* _ACTIVITY_:
Starting with the line that contains "Make video or", copy every line through the end of the listing, exactly and only those. No pictures should appear in the copy.

* _EXERCISE INPUT_:
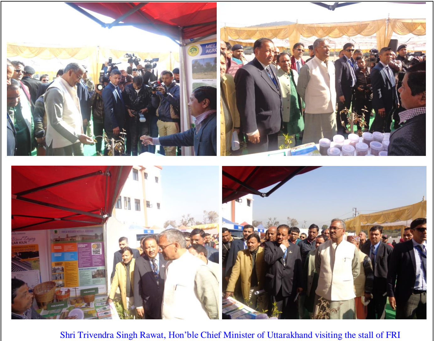
Shri Trivendra Singh Rawat, Hon'ble Chief Minister of Uttarakhand visiting the stall of FRI
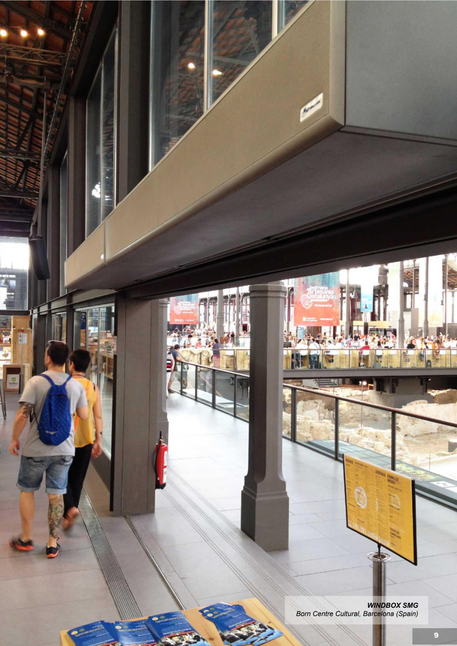
WINDBOX SMG Born Centre Cultural, Barcelona (Spain)
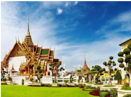
ar025 | 27 602 KB
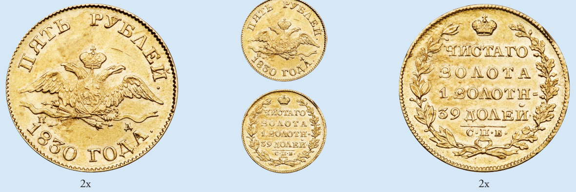
21205 Roubles 1830 СПБ- ПД. GOLD. Bit 5, Fr 154. Small rim tap and some obverse contact<br/>marks.Extremely fine.
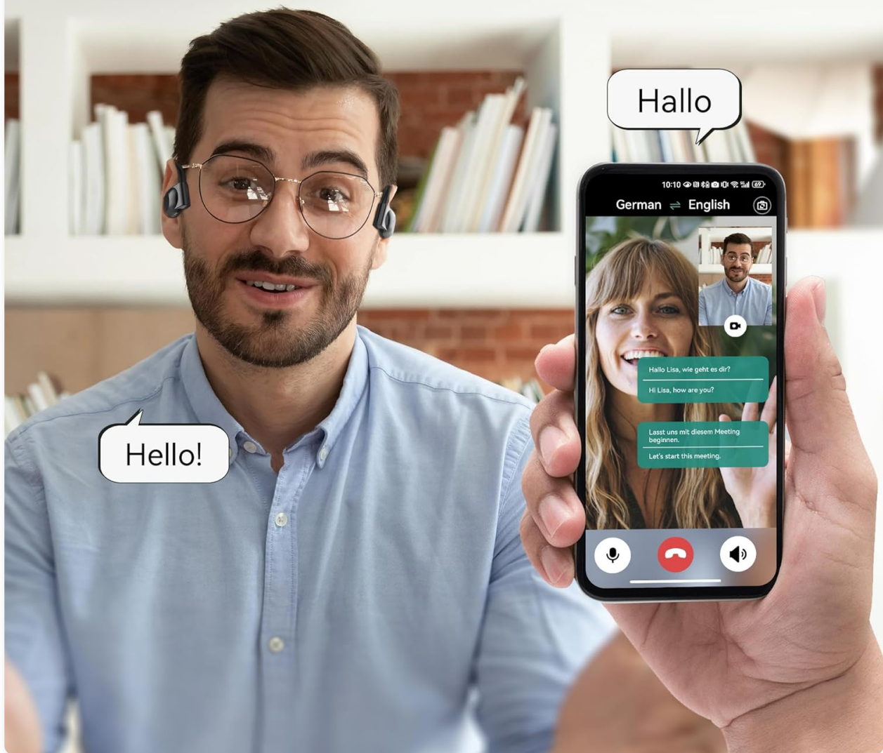
Image: A person on a video call, demonstrating the real-time translation feature with speech bubbles showing different languages.

Make video or voice calls with your friends in different languages
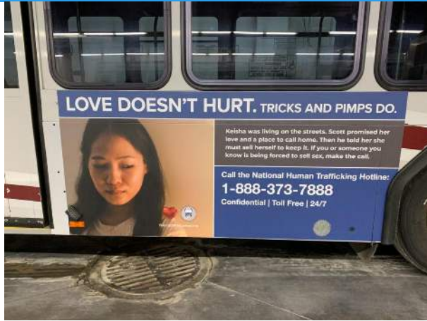
One of four Peoria CityLink buses wrapped with BOTL designs

During National Human Trafficking Awareness Month in January, Peoria CityLink, the public transit system for greater Peoria, Illinois, partnered with Busing on the Lookout (BOTL) to launch an awareness campaign using our victim-centered posters. The campaign included wrapping the exterior of four buses with BOTL's designs for the month, as well as hanging interior posters on all 51 buses in their fleet, which will stay posted year-round. Peoria CityLink has been training all new drivers with BOTL materials since 2020 and plans to train all 140 existing employees during their company-wide safety meetings this month.

* _COMPLETED EXERCISE_:
Make video or voice calls with your friends in different languages
One of four Peoria CityLink buses wrapped with BOTL designs

During National Human Trafficking Awareness Month in January, Peoria CityLink, the public transit system for greater Peoria, Illinois, partnered with Busing on the Lookout (BOTL) to launch an awareness campaign using our victim-centered posters. The campaign included wrapping the exterior of four buses with BOTL's designs for the month, as well as hanging interior posters on all 51 buses in their fleet, which will stay posted year-round. Peoria CityLink has been training all new drivers with BOTL materials since 2020 and plans to train all 140 existing employees during their company-wide safety meetings this month.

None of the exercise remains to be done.